Abject Failure: White House Disinformation Panel Likely to be Scrapped
[guest post by JVW]
Here is thus far the best political news of the week:
After a wave of backlash, the Department of Homeland Security is considering shutting down its just-created Disinformation Governance Board, which was officially tasked with combatting false narratives around domestic terrorism and human trafficking along the border, but which was widely interpreted as having a much broader brief to monitor and possibly curtail disfavored political speech.
Just three weeks after its inception, the disinformation board’s operations have been “paused,” multiple anonymous DHS officials told the Washington Post. DHS reportedly decided to shut down the board entirely on Monday and its director, Nina Jankowicz, tendered a voluntary resignation letter on Tuesday. But DHS officials quickly called Jankowicz to give her the option to stay on while the Homeland Security Advisory Committee determines whether to shut down the board entirely.
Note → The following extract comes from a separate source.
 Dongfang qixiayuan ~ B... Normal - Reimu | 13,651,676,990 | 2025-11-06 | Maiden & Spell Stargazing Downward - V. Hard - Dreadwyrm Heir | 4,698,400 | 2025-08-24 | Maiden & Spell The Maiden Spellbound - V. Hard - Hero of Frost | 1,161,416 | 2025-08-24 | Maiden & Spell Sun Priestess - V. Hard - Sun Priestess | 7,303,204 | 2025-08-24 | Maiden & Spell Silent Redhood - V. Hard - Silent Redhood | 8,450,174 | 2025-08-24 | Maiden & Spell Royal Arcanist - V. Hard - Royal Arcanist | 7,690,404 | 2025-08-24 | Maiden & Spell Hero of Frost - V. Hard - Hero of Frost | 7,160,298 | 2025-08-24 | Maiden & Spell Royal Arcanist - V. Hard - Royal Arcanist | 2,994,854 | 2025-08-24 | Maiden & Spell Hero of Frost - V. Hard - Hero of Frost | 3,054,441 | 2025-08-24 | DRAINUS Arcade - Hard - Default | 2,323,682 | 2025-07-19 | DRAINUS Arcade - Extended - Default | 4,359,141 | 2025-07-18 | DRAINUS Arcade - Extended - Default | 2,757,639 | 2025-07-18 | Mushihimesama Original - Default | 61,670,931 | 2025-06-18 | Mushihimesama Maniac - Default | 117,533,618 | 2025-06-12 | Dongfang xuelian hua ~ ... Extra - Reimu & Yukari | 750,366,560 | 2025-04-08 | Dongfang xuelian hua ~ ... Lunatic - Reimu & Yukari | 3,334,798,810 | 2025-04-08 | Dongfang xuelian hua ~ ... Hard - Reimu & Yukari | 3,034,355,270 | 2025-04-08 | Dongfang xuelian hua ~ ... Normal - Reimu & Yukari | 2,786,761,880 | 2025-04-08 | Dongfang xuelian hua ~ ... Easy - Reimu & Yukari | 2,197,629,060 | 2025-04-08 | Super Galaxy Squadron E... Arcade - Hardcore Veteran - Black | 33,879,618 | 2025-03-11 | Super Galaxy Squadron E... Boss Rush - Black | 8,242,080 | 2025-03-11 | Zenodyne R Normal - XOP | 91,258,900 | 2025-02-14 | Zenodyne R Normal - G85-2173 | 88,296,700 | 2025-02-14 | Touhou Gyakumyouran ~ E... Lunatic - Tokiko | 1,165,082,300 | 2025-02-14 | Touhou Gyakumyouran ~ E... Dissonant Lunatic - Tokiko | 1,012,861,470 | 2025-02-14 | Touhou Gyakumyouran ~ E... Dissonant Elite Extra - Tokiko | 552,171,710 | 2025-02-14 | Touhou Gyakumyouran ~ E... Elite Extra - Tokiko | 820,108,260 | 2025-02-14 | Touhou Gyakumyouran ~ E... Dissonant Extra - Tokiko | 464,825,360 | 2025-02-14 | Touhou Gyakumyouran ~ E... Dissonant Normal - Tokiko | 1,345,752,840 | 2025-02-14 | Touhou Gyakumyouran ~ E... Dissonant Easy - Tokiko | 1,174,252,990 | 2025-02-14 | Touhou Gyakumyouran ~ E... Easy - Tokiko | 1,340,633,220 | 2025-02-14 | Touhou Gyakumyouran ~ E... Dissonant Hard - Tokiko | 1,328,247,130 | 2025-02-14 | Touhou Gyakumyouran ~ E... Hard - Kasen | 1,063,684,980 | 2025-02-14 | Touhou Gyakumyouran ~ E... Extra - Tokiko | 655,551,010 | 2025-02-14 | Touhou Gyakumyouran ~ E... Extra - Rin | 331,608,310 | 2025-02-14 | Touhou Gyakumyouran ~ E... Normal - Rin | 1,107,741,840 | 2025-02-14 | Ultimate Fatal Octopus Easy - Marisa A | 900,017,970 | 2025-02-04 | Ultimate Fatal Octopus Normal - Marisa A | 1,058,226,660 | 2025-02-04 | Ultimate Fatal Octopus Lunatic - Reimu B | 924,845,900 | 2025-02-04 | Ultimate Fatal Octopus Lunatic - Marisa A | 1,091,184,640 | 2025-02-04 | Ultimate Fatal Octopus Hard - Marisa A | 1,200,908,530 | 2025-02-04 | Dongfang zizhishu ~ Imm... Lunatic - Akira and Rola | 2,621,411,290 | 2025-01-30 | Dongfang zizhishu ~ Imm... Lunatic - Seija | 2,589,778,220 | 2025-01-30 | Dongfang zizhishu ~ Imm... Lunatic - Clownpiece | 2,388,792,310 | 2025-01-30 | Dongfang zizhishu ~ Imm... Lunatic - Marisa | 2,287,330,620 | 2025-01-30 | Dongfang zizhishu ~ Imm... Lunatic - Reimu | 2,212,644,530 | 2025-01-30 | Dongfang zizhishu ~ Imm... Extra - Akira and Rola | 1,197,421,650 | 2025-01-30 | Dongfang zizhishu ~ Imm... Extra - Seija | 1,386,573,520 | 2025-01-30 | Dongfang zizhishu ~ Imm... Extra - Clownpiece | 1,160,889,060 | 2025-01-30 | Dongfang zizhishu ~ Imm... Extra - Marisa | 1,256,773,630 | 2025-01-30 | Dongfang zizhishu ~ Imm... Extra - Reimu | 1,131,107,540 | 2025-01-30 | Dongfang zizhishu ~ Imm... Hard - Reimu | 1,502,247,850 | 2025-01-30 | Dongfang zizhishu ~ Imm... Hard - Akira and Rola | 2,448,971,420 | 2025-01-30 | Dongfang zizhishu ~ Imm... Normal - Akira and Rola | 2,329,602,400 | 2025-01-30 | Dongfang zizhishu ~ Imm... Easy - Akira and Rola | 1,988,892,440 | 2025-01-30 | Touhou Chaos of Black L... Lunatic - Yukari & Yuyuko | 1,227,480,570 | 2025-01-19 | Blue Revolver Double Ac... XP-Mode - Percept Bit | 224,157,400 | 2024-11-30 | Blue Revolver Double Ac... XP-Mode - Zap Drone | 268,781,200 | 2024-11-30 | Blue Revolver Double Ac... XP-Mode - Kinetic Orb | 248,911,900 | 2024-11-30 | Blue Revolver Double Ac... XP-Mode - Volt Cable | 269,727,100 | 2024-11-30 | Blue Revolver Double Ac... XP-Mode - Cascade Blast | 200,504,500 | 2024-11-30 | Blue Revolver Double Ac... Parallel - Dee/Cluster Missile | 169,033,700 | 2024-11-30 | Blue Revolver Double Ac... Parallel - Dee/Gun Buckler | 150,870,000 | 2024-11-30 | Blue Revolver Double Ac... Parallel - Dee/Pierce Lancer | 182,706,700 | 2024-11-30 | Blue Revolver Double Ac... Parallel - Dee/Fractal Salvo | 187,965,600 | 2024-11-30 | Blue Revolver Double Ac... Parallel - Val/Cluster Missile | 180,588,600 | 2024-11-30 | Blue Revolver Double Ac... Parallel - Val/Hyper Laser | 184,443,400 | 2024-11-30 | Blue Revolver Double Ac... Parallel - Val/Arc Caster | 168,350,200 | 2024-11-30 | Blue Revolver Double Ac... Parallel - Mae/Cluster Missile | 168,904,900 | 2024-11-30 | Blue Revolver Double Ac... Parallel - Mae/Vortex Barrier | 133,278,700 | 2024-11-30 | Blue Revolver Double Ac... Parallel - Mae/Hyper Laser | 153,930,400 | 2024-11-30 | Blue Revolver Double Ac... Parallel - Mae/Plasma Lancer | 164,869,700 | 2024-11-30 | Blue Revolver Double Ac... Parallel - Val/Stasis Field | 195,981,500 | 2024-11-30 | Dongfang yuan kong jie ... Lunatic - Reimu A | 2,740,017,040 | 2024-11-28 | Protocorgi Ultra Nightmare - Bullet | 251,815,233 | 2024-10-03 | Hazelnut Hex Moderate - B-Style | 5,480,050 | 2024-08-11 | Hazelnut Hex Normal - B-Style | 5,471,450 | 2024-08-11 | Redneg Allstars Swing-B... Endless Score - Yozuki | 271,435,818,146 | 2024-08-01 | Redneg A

Beyond the potential for Orwellian behavior from a government board tasked with determining what is legitimate political opinion and what comprises “disinformation,” the selection of Ms. Jankowicz as director was a completely avoidable error that the White House nevertheless blundered straight into. A fellow (but not a fella) at the Wilson Center, an ostensibly nonpartisan research center but one which receives almost a third of its funding from the taxpayer, and an alleged expert on Russia and Ukraine, Ms. Jankowicz has also distinguished herself for her insider dismissal of the Hunter Biden laptop story, her weird feminist musings which require her to concoct largely implausible scenarios of male boorishness to make her points, and her curious penchant for making up really weird songs and sharing them with the public.
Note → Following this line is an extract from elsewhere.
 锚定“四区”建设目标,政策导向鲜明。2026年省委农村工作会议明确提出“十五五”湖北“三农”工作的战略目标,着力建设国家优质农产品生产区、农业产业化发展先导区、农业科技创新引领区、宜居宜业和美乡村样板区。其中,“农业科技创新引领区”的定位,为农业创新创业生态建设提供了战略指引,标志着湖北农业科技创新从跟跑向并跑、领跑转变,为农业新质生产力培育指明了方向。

The collapse of this ill-considered initiative has naturally disappointed the Biden Administration’s amen corner in the media, with the increasingly-shrill Taylor Lorenz of the Washington Post taking to her keyboard to huff about the unfairness of it all:
[W]ithin hours of news of her appointment, Jankowicz was thrust into the spotlight by the very forces she dedicated her career to combating. The board itself and DHS received criticism for both its somewhat ominous name and scant details of specific mission (Homeland Security Secretary Alejandro Mayorkas said it “could have done a better job of communicating what it is and what it isn’t”), but Jankowicz was on the receiving end of the harshest attacks, with her role mischaracterized as she became a primary target on the right-wing Internet. She has been subject to an unrelenting barrage of harassment and abuse while unchecked misrepresentations of her work continue to go viral.
[. . .]
Jankowicz’s experience is a prime example of how the right-wing Internet apparatus operates, where far-right influencers attempt to identify a target, present a narrative and then repeat mischaracterizations across social media and websites with the aim of discrediting and attacking anyone who seeks to challenge them. It also shows what happens when institutions, when confronted with these attacks, don’t respond effectively.
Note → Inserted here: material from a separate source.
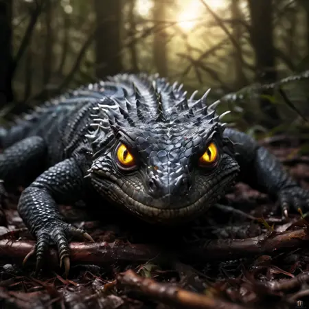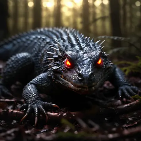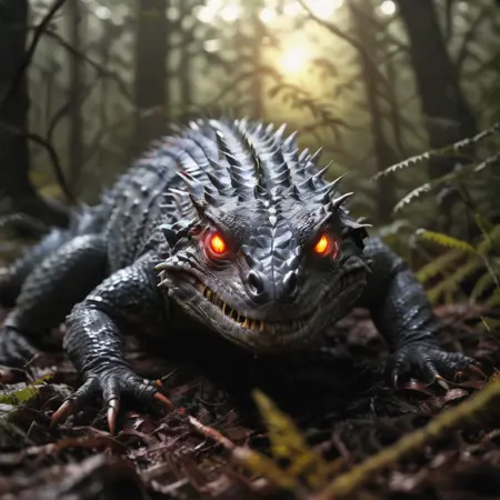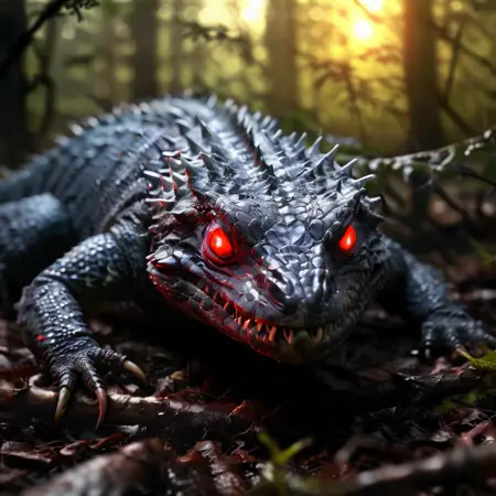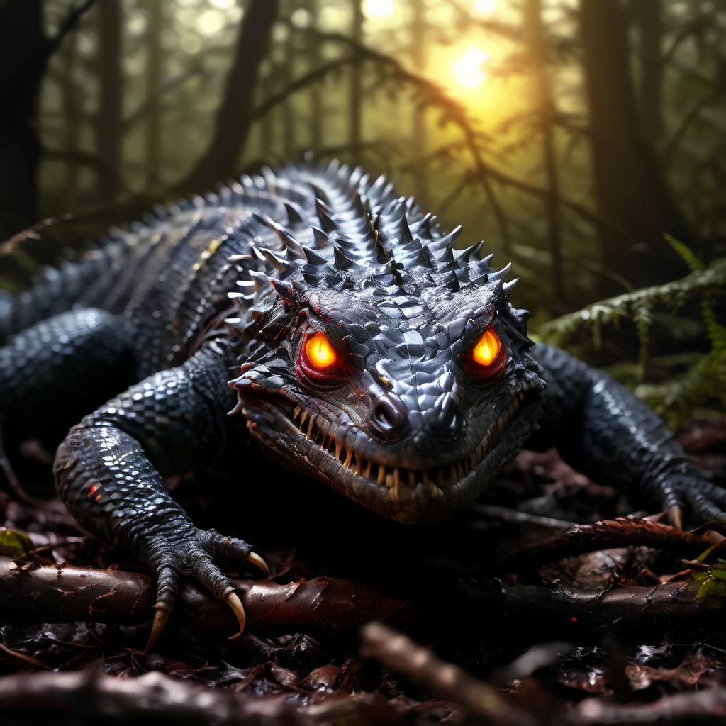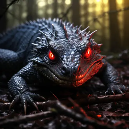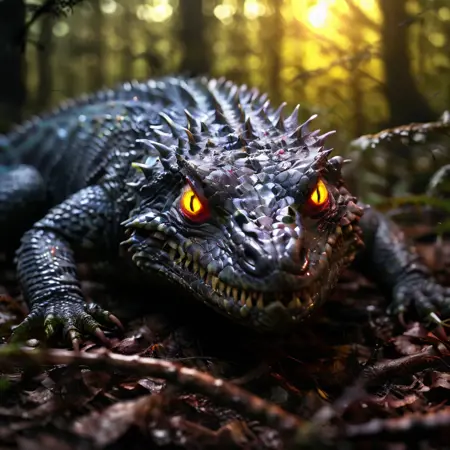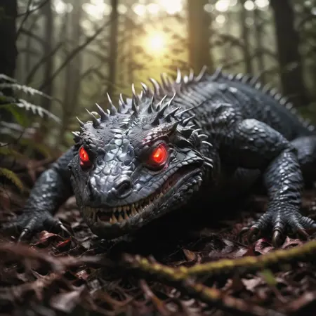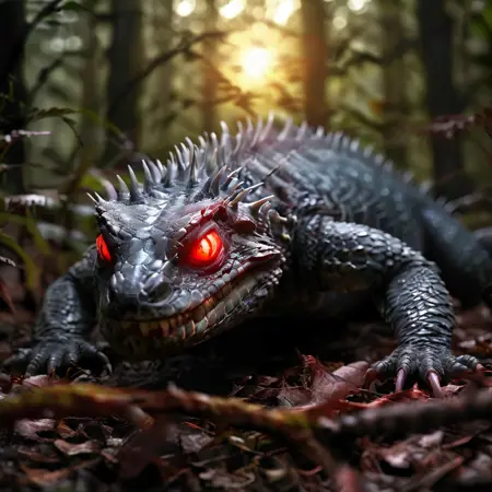 basilisk, blurry, blurry background, claws, depth of field, fangs, glowing, glowing eye, glowing eyes, horns, looking at viewer, no humans, open mouth, realistic, red eyes, scales, sharp teeth, slit pupils, solo, spikes, teeth, yellow eyes,

Odd that Ms. Lorenz never bothers to cogitate on why Ms. Jankowicz, with her background in what Ms. Lorenz characterizes as “multiple nonpartisan think tanks and nonprofits,” would have drawn particular ire from “far-right influencers.” Could it be because Ms. Jankowicz’s online presence indicated nothing so much as a committed Democrat who viewed her mission as promoting the conventional center-left Washington wisdom, no matter how staid and fetid it has become? It’s not as if Bidenism, a less confident and thus more malleable version of the smug assuredness of Obamaism, has distinguished itself at all over the past sixteen months.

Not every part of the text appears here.